Cross-platform libraries that implement the C standard interface for threading.

When the C standard incorporated threading in C11, the model was based on pthreads. The 'p' in "pthreads" stands for "POSIX", which means that the model very closely resembles what was already incorporated into POSIX-based systems. The PosixCThreads library is really just a very thin wrapper around the ptherads library. This is true even in gcc, which requires that pthreads be linked to an executable making use of C threads in gcc 8.0 and beyond.

The Windows model was not designed with pthreads in mind. While Windows supports the same concepts in general, the specifics of the Windows implementations of those mechanisms are very different. For the most part, this can be dealt with by defining types and functions that abstract the details of the internals of Windows mechanisms away from the user of this library.

There is, however, one very fundamental difference that can't easily be abstracted by types: Thread-specific storage. In Windows, thread-specific storage is intended to be achieved by "Thread Local Storage" slots which (a) don't align well to the POSIX/C threads model and (b) don't have any mechanism for the destructors defined by POSIX/C threads. Because of this, I needed a way to keep track of thread-specific storage that would meet the requirements of the standard. I use a red black tree in my WinCThreads.c library to achieve that. In my testing, it seems that the red black tree lookup mechanism that I use may be suboptimal relative to whatever the implementation is in pthreads, however the difference is not significant enough to warrant me trying to optimize the library further for my needs.

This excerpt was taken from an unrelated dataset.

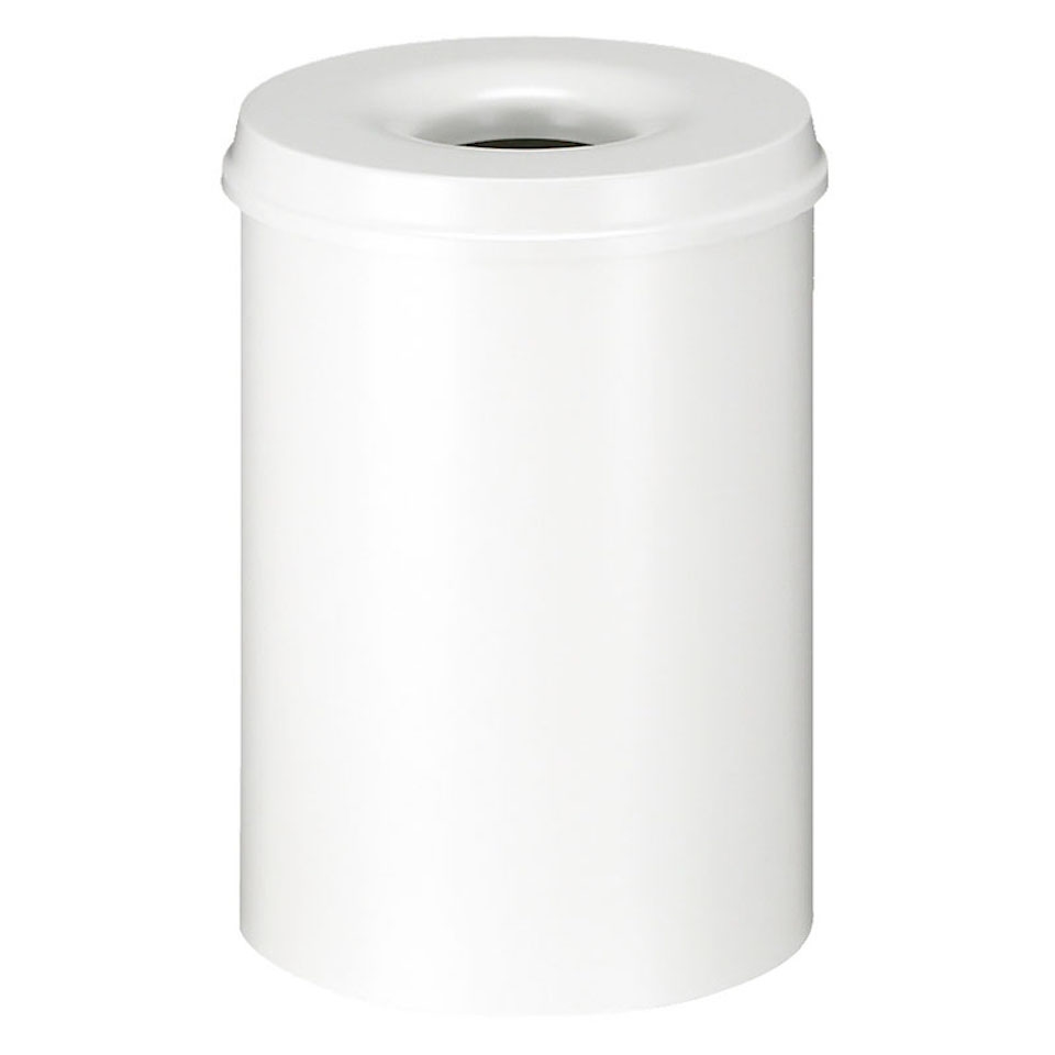 Selbstlöschender Papierkorb | 15 Liter, HxBxT 37x25x25cm | Verzinkter Stahl | Weiß

The way to use this library is to include "CThreads.h" and compile in the appropriate library for your system. You can actually include both source files in your build process if you're lazy like I am and just include all the files in the directory. The source files are wrapped in ifdefs that detect the compiler.

Initially, my thought for the CThreads.h include was that it should include the ISO C threads.h file if it was available on the system and turn off all library wrappers. Unfortunately, this caused more problems than it solved for me. Visual Studio now officially supports C17, but not threads.h, which goofed me up. There is also a problem on Linux that making use of the the ISO C definitions in gcc 8 and beyond greatly increases the version level dependency of GLIBC. This made it practically impossible for me to compile my code on one system and use the same binary elsewhere. I finally gave up trying and just always use my own wrappers now. The linker will link to the local version of the function names over the versions in GLIBC, so all I have to ensure is that the system I'm moving my binary to supports pthreads.

Doing all this provides me with a cross-platform way of having thread support that will hopefully be obsoleted by future compiler support for the C standard threading model. Maybe one day... :-) I hope that others find it useful too.